Formula One (F1) is a high-cost, high-tech motorsport where race strategy—especially tire choice and pit stop timing—is critical since cars and drivers can’t be changed mid-race. Traditional strategy planning uses Monte Carlo simulations, which are computationally expensive, slow, and inflexible to real-time changes, and often lack interpretability.

Advances in AI, especially reinforcement learning (RL), offer potential for dynamic, adaptive, and explainable race strategy optimization based on live data.

Literature Review

• Early F1 strategy models were deterministic and expert-based, evolving to simulations incorporating factors like tire wear, fuel, and probabilistic events (e.g., safety cars) via Monte Carlo methods.

• Machine learning methods, including deep neural networks, have been applied for predicting driver rankings, lap times, and race outcomes.

• Reinforcement learning has been used to optimize decisions like pit stops and refueling dynamically, with models such as Deep-Racing and explainable RL frameworks showing promise.

• Game theory models examine competitive interactions between drivers.

• Research also focuses on separating the impact of driver skill vs. car performance and using genetic algorithms for strategy optimization.

• Challenges remain in creating robust, interpretable, real-time adaptable models.

Methodology

• The project develops a Deep Recurrent Q-Network (DRQN)-based system to optimize pit stop decisions in F1 races.

• The system simulates races using historical lap-by-lap data, including tire conditions, track info, and race state.

• The agent (a neural network with LSTM) learns from sequences of race states to decide whether to pit or not, balancing lap times and penalties.

• Experience replay and target networks stabilize training.

• Data preprocessing converts raw race data into structured input.

• Training involves running the model over multiple seasons’ data, improving generalization.
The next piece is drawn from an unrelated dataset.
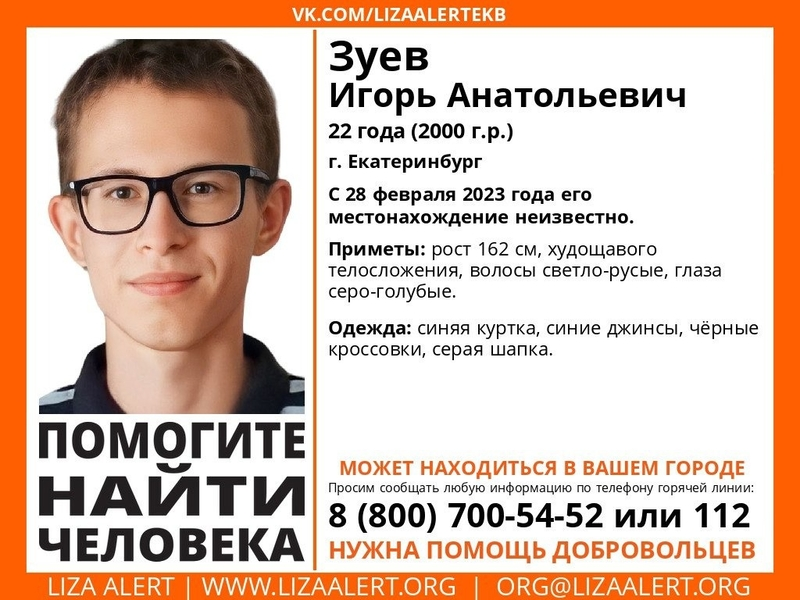 Игорь Зуев 2000 года рождения пропал в Екатеринбурге. При этом не исключается, что молодой человек может находиться на Ставрополье.

• The final trained model is saved for future use.

Evaluation and Results

• The DRQN model was tested on unseen race conditions from 2021 to mid-2024.

• It recommended tire compounds and pit stop laps, considering weather, track, tire degradation, and safety car incidents.

• The model’s strategies were compared with actual F1 team strategies, showing good alignment and potential for improved dynamic decision-making.

• Monte Carlo simulations validated the model’s robustness and adaptability.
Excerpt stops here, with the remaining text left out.